Un an après sa nomination, l’actuel garde des Sceaux d’Emmanuel Macron a été mis en examen, vendredi 16 juillet, pour « prise illégale d’intérêts » après plusieurs heures d’interrogatoire dans les locaux de la CJR, situés à deux pas des Invalides, à Paris.
Il s’agit d’une première dans l’histoire de la République pour un ministre de la justice en exercice. (...)
Il est concrètement reproché à Éric Dupond-Moretti d’avoir utilisé les moyens administratifs de son ministère et ses attributions disciplinaires, sitôt arrivé Place Vendôme l’été dernier, dans le seul but de régler des comptes avec des magistrats anticorruption avec lesquels le ministre a été en conflit ouvert quand il était encore avocat.
Le ministre, dont les avocats contestent tout comportement délictuel, demeure présumé innocent à ce stade de la procédure. « Ses explications n’ont malheureusement pas suffi à renverser cette décision prise avant l’audition. Nous allons évidemment désormais contester cette mise en examen », a expliqué à la presse Me Christophe Ingrain, l’un des avocats du ministre, qui a annoncé le dépôt futur d’« une requête en nullité ».
La nature des poursuites qui pèsent désormais officiellement sur Éric Dupond-Moretti est directement liée à l’exercice de sa charge ministérielle et ne pourrait, en théorie, qu’interroger son maintien au sein du gouvernement. Mais aucune démission du ministre, qui profite toujours du soutien du président de la République, ne semble à l’étude. (...)
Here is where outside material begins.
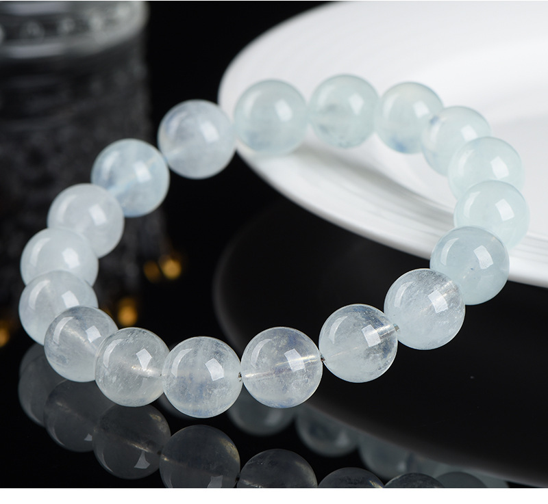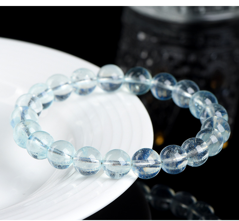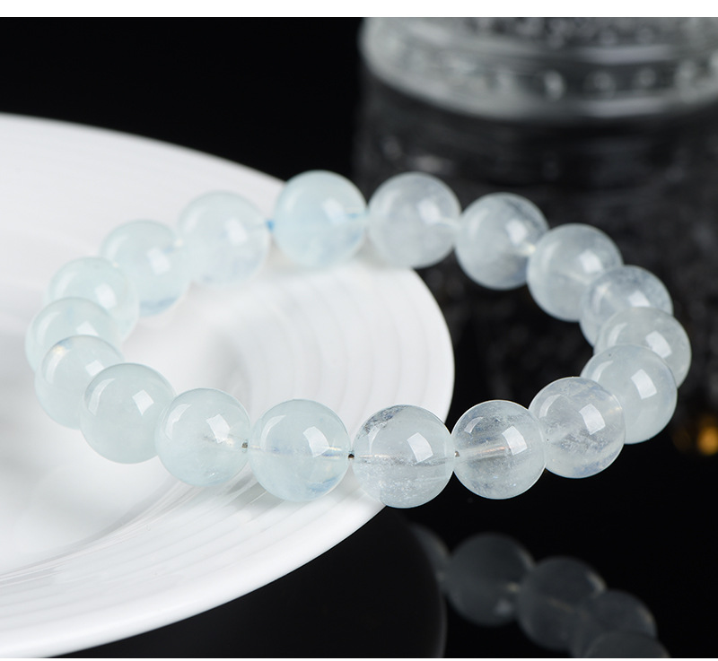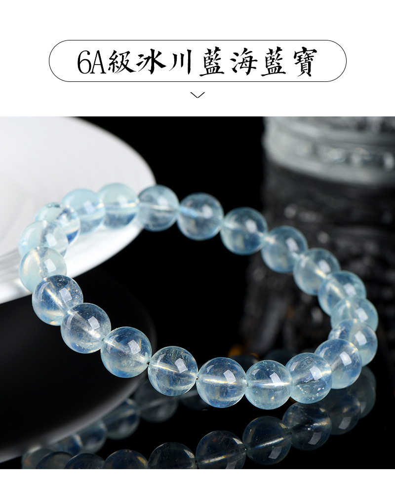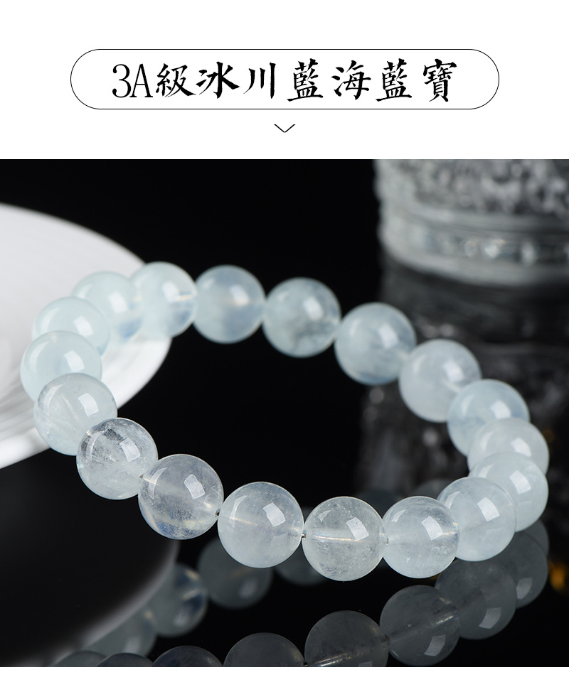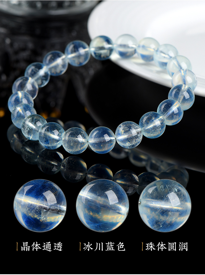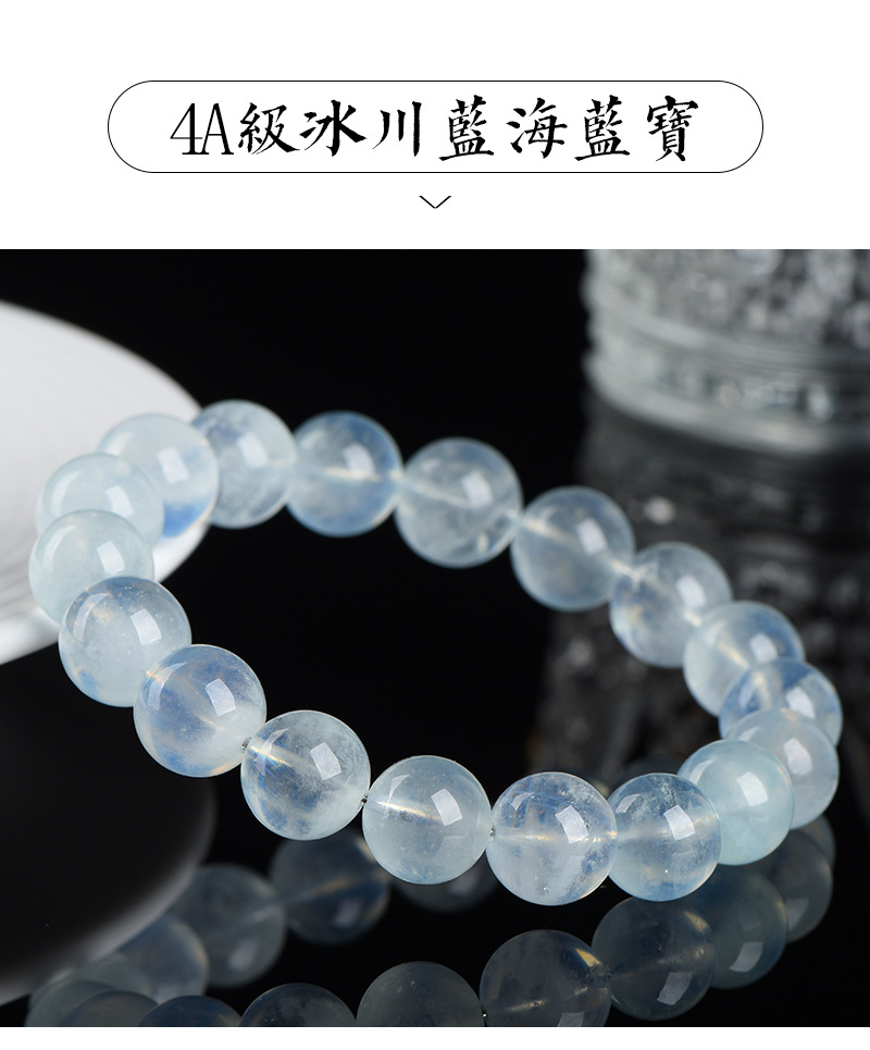 久雅水晶 天然7A級冰川海藍寶圓珠手鏈 冰川勵志料海藍寶石手串

Selon BFMTV, Emmanuel Macron aurait même offert lors du dernier conseil des ministres, mercredi 14 juillet, un soutien appuyé à son ministre en affirmant : « La justice est une autorité, pas un pouvoir. Je ne laisserai pas la justice devenir un pouvoir. »
Le Premier ministre, Jean Castex, a de son côté déclaré par communiqué qu’il renouvelait « toute sa confiance » à Eric Dupond-Moretti dès l’annonce de sa mise en examen rendue publique. (...)
Le conflit d’intérêts était d’autant plus patent que le ministre s’était affiché quelques jours plus tôt en vacances, dans les colonnes de Paris Match, avec son ami Me Thierry Herzog, l’un des prévenus du procès Bismuth au cours duquel l’accusation était représentée par le même PNF, dans le viseur d’Éric Dupond-Moretti. (...)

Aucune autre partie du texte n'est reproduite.